Koniec końców Father Browna warto obejrzeć. Solidna rozrywkowa produkcja, klasyczny angielski prowincjonalny kryminał od BBC. Może nie wybitny, ale nieładnie byłoby go zignorować, kiedy ci durni Muszkieterowie zaczynają mieć własny fandom na tumblrze. Brrr

4 komentarze:

  1. co do shinto to coś mi się wydaje że było anime z kapłanem/ką który rozwiązywał rozmaite sprawy ale tytułu sobie za chiny nie przypomnę :) z tych pozostałych i wymienionych tytułów chyba detektyw w sutannie był najlepszy choć pod koniec bywały dziwne odcinki jak ten w którym swoją siostrę zakonną musiał bronić przed piekielnym sądem ;-)

    OdpowiedzUsuń
  2. Był jeszcze braciszek Cadfael, który rozwiązywał zagadki kryminalne w średniowieczu. A grał go sam Jaklaudiusz!
    (mam nadzieję, że ten wpis nie pójdzie mi dwa razy, bo pierwszy zniknął gdzieś po tym, jak się zalogowałem).

    OdpowiedzUsuń
  3. Pierwsze słyszę o.O Ale jeśli w kontekście tego wspominasz o "Detektywie w sutannie" i "Morderstwach w Midsomer", to bierę.^^ A i rodzinie podetknę.

    No i tak, w zestawieniu brakowało "Kronik braciszka Cadfaela" (ostatnio właśnie dopadłam gratisowo milijon książek z serii, pytanie, kiedy do nich zajrzę), ale z drugiej strony, na tej samej zasadzie mogło brakować "Imienia róży", więc powiedzmy, że średniowiecznych mnichów wstawiamy do oddzielnej kategorii. ;)
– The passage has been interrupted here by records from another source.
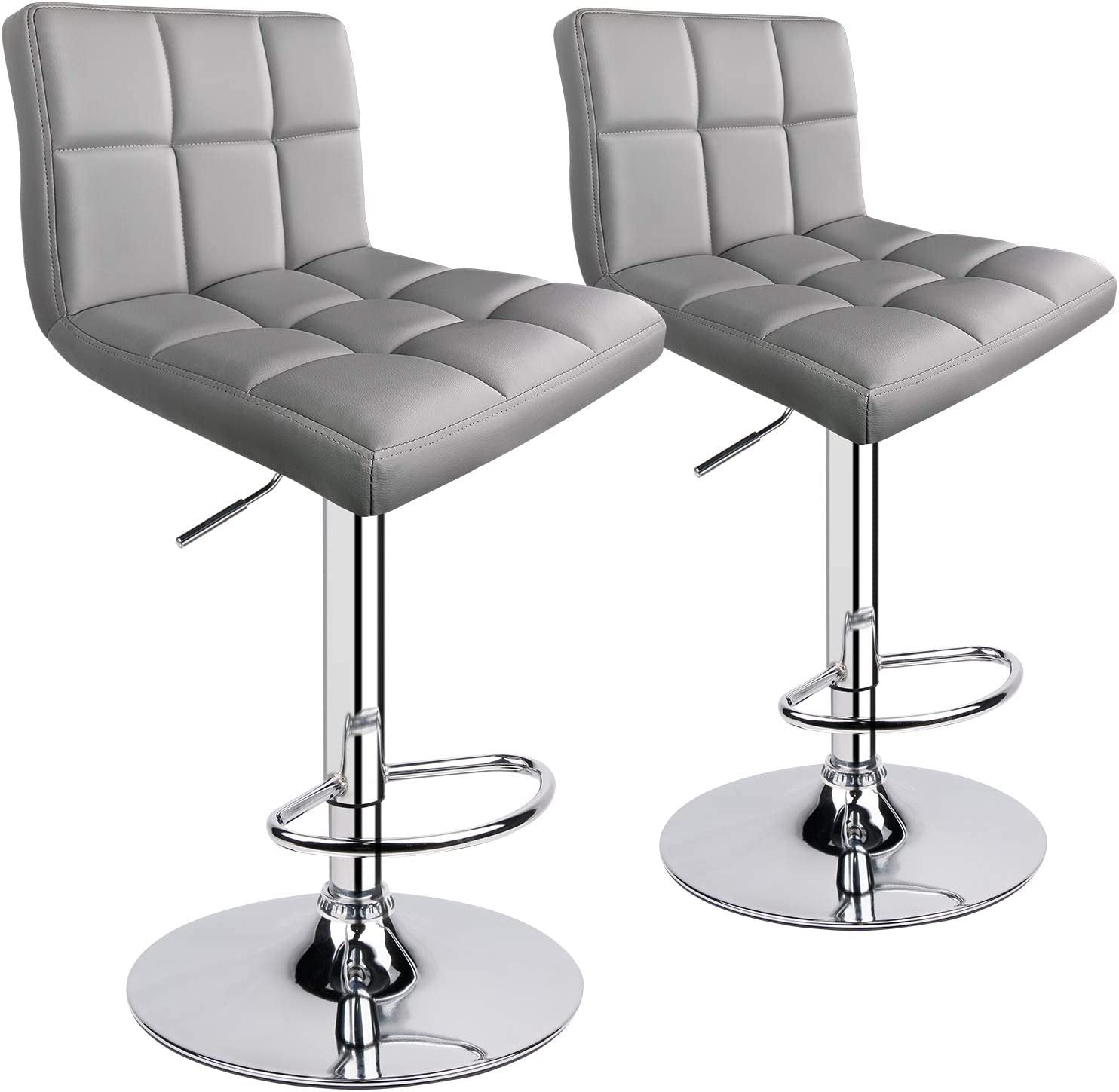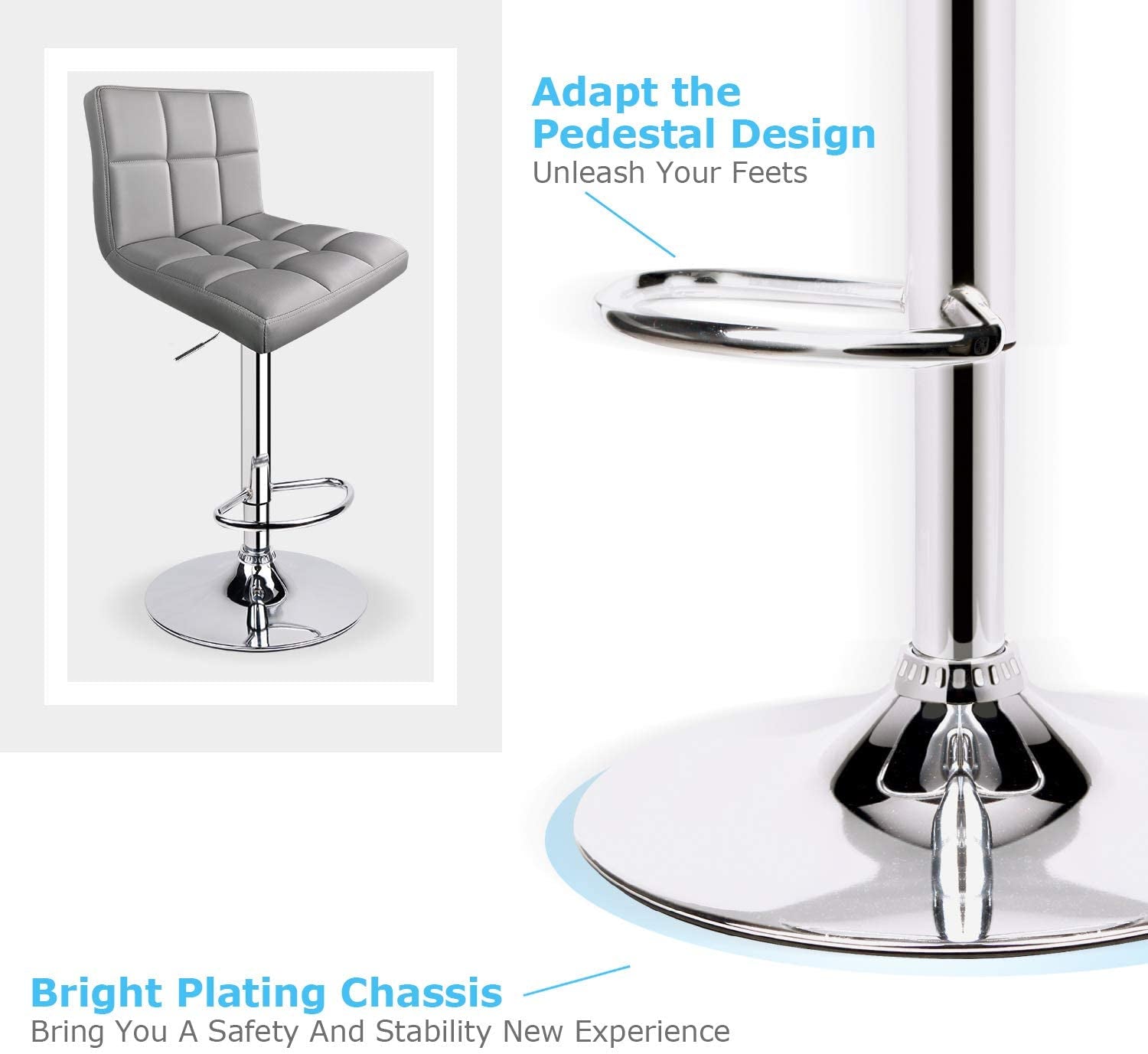 - The bar stools with a built in 360 degree swivel; Quilted, seat upholstered in faux leather; Constructed with polished chrome base and footrest
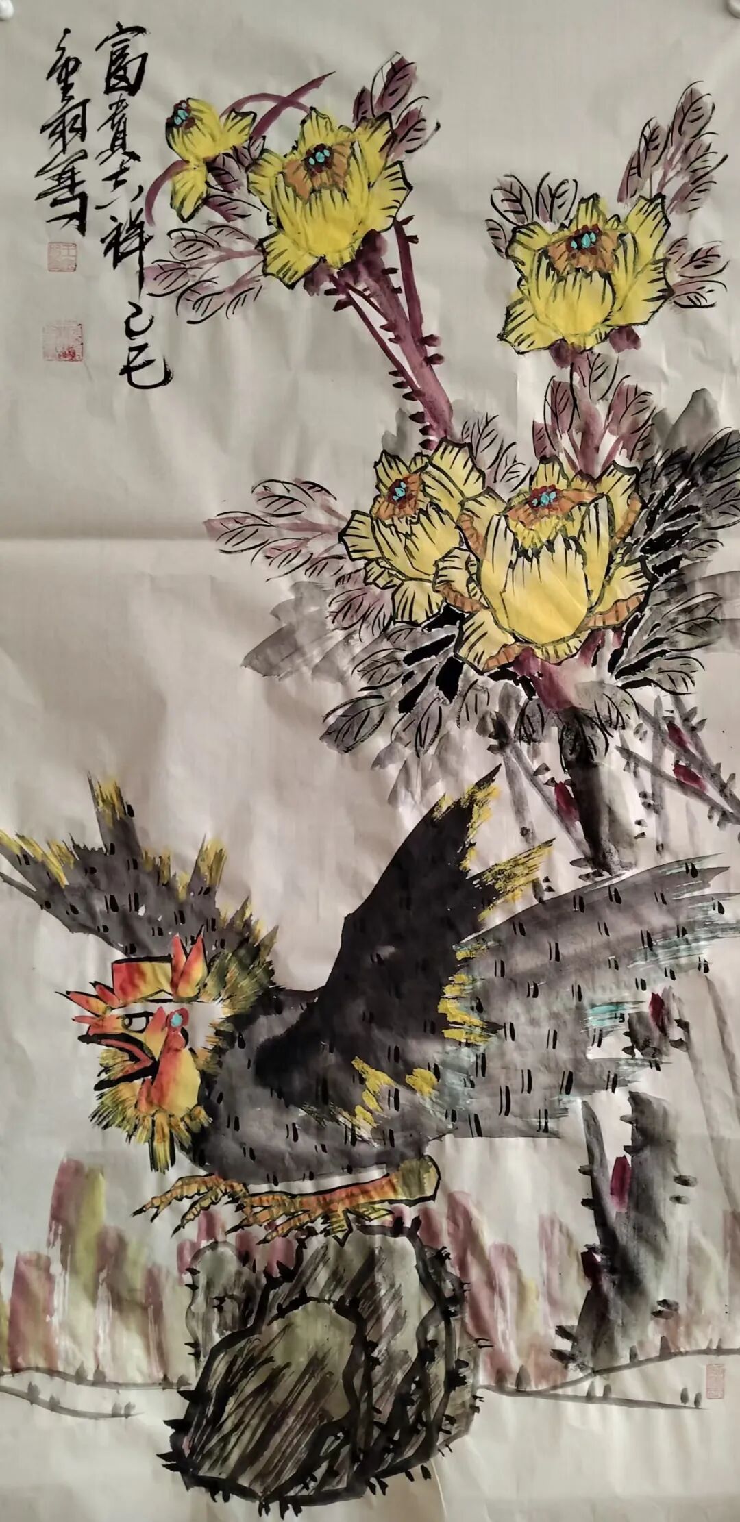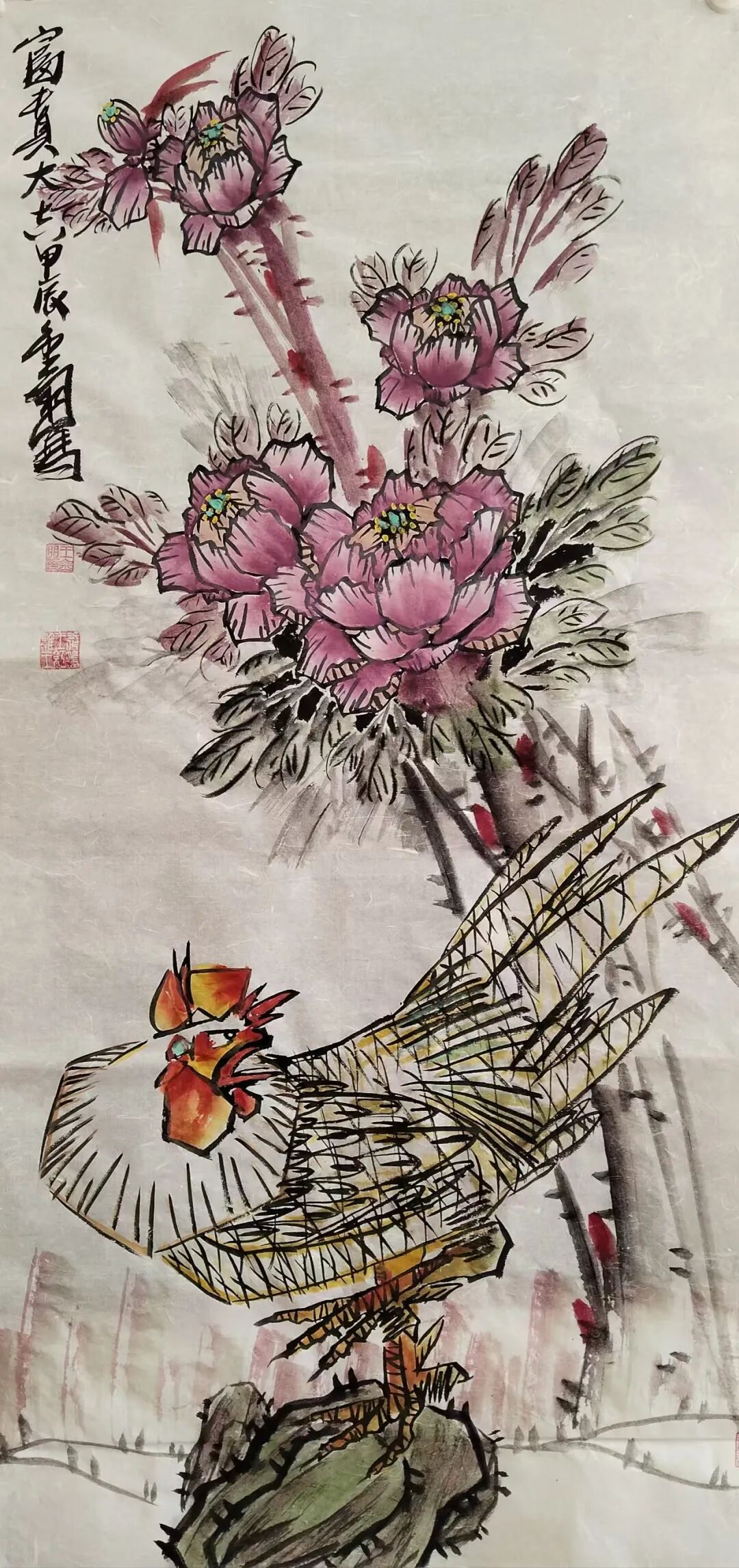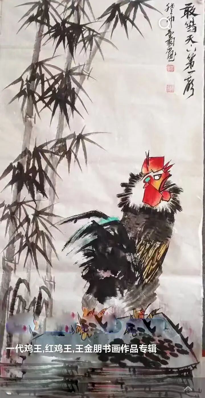 王金朋先生以画鸡闻名,人称红鸡王。王金朋先生自幼研究书画,研究书画他用了三个一千,即,一千刀纸,一千斤墨,一千支笔。
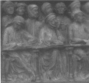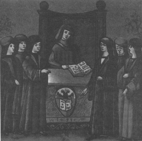 Студенты на фрагменте гробницы знаменитого итальянского юриста Джованни да Леньяно, который был utriusque luris doctor (доктором обоих видов права: гражданского и канонического) Болонского университета. Коперник изучал право в этом университете, чтобы придать образованию более практический характер.
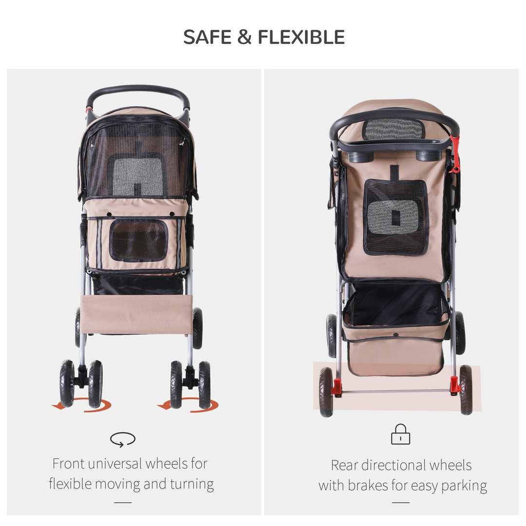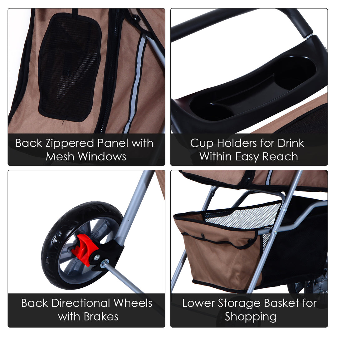 - Bottom storage compartment and cup holder for easy access to pet supplies and personal belongings
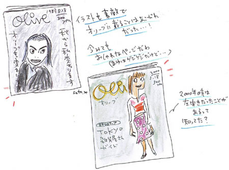 ●●●●●●●●●●●●●●●●●●●●●●●● 調べてみたところ、 雑誌、「Olive(オリーブ)」の創刊は1982年。 2000年に休刊となり、 その後いったん月刊誌として復活したものの 2003年に再び休刊となっているようです。 当時のバックナンバーを持っている人も 意外に多いのではないでしょうか? いま読んでも大切なことがたくさん書いてある、 というのは、なんとなくわかる気がしますね。 それではまた、次回の「ほめ道」で。 イラスト:さとうみどり |
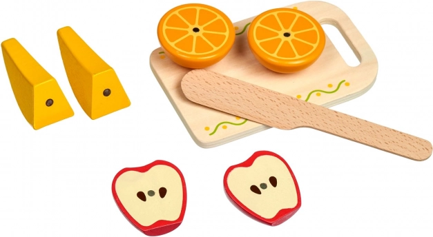Les pièces individuelles sont reliées par des aimants, permettant aux enfants de les « couper » en toute sécurité et de les réunir à nouveau. Idéal pour entraîner la motricité et jouer de façon réaliste.
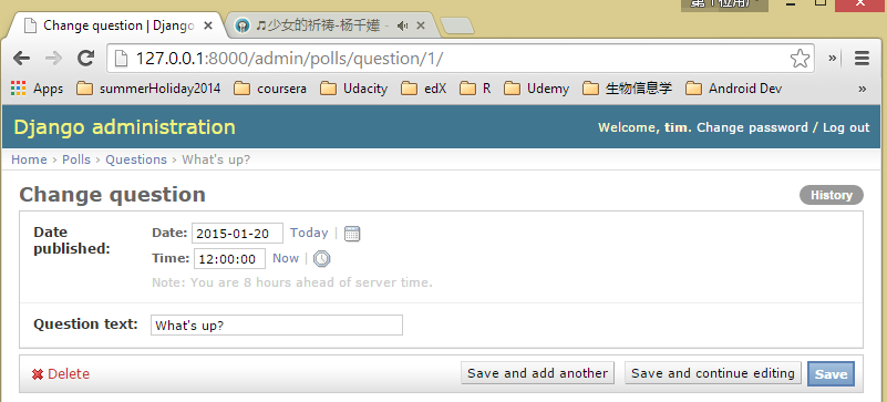 - 本文标题:Django-1-7-3-Tutorial-Part-2-管理站点
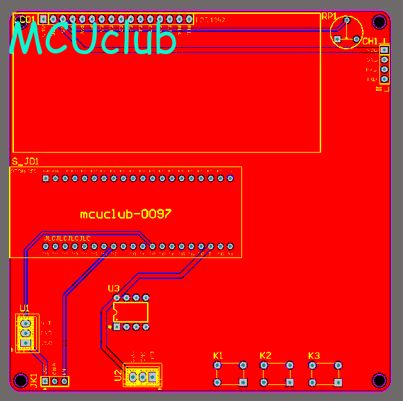 注意:PCB图中间有一个项目编号,隐藏在单片机底座下,插入单片机后不会看到。如果想截没有项目编号的PCB图,可在PCB源文件中点击删除。另外,如果想在实物PCB板上加自己的信息(比如日期、学号、姓名等),可联系客服。
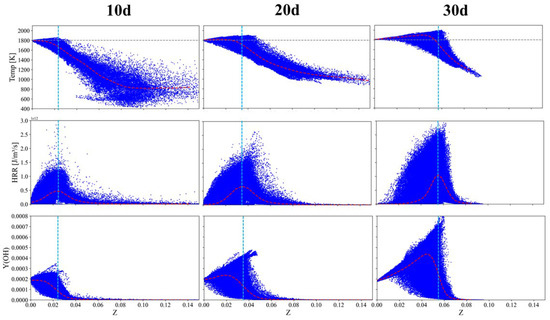 It can be observed that only a small number of the points exceed the ambient temperature (1800 K) at = 10, which are located in regions featured by relatively lean combustion. As the axial distance increases, the number of samples exceeding the initial ambient temperature increases. The variation in heat release rate also corroborates this observation. The peak value of the conditional mean of is located near Z = 0 at = 10. Note that the ambient is featured by Z = 0 according to the definition of Z. As chemical reactions proceed, a certain amount of OH is formed in the ambient, which could be observed from the instantaneous distribution of the OH mass fraction. We note that the peak of the instantaneous OH mass fraction is located near Z corresponding to the maximum HRR. The peak of the OH mass fraction in the upstream region is located within the lean mixture, where more oxygen was available. The peak of the OH mass fraction shifts to a richer mixture with increasing axial distance, where more fuel is available. Overall, the peak of gaseous temperature, HRR, and mass fraction of OH increases with increasing axial distance, and the peak shifts to the fuel-rich side.

    PS. "Zresztą z Morderstw w Midsomer wiemy, że nie ma większego zagłębia zbrodniarzy, niż sielska angielska prowincja." - dokładnie xDDDDD (zresztą, potwierdziło się w "Hot Fuzz" :D )

    OdpowiedzUsuń
  4. " ale na pewno była przynajmniej jedna książka o detektywie-rabinie"
    Kemelmana? Cała seria była i chyba jakiś film albo serial.